# Sky dish + Triax satellite receiver



## ivuernis (11 Aug 2009)

I live in an apartment block with a shared SKY dish on the roof. The cable from the dish comes into a distribution switch which has a connection into my apartment. In my apartment I have a Triax satellite receiver (model DVB 1000 S). 

I have been unable to setup this up so that I can watch FTV (free-to-view) channels, e.g. BBC, ITV, etc. on my TV. I should be able to do this AFAIK but so far all attempts to program my Triax have failed. Does anybody have any experience with these Triax receivers that might be able to help me?


----------



## jhegarty (11 Aug 2009)

Depends on the setup used to wire the dish.

What happens when you scan ?

What signal readings do you get ?

Have you tired a sky box on the connection to make sure it works ?


----------



## ivuernis (11 Aug 2009)

jhegarty said:


> What happens when you scan ? What signal readings do you get ?



When I scan I don't get anything, i.e. not much of a signal. I downloaded some online instructions on how to scan for BBC, etc. but had no joy. 



jhegarty said:


> Have you tired a sky box on the connection to make sure it works ? Depends on the setup used to wire the dish.



No, I could try to get a loan of one and try it out. Can a dish be configured so that it would only work with Sky boxes? I thought you could plug in any receiver to pick up the FTV channels?


----------



## jhegarty (11 Aug 2009)

ivuernis said:


> No, I could try to get a loan of one and try it out. Can a dish be configured so that it would only work with Sky boxes? I thought you could plug in any receiver to pick up the FTV channels?



If it will work with a Sky box it should work with your FTA one. But we don't know if it works with a Sky box.
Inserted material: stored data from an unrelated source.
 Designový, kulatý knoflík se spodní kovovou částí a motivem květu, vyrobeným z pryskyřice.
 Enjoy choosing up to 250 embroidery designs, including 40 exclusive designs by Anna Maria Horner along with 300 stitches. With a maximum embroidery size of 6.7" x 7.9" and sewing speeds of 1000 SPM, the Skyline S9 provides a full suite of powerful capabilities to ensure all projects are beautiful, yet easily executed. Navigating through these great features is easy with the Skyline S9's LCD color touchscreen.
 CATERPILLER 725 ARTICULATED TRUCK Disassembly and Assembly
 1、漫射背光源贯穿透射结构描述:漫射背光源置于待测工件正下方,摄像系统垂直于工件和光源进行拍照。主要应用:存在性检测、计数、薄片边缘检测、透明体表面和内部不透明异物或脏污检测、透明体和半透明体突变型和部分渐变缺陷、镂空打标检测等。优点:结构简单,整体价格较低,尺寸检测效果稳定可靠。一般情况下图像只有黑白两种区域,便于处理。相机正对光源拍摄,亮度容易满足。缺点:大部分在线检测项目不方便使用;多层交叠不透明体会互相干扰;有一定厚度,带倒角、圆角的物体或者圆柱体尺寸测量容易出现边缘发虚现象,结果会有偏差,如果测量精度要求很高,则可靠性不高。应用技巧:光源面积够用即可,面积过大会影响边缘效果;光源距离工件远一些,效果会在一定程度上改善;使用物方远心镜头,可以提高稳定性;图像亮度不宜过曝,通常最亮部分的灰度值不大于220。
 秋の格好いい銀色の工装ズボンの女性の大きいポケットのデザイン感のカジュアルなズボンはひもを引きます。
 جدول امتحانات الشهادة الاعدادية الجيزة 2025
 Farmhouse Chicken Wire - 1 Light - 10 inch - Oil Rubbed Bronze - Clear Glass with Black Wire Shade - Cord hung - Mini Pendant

If may be a fault with the cable , dish, lnb..etc...etc.


----------



## 8till8 (21 Aug 2009)

Its likely there is a setting in the triax that is incorrect. 
Is the triax showing a signal from the dish (strength & quality) If it isn't then something fundamental is wrong with wiring/dish etc. If you are getting signal then its your setup and programming of the receiver so you need to figure this out or get someone to program it for you.


----------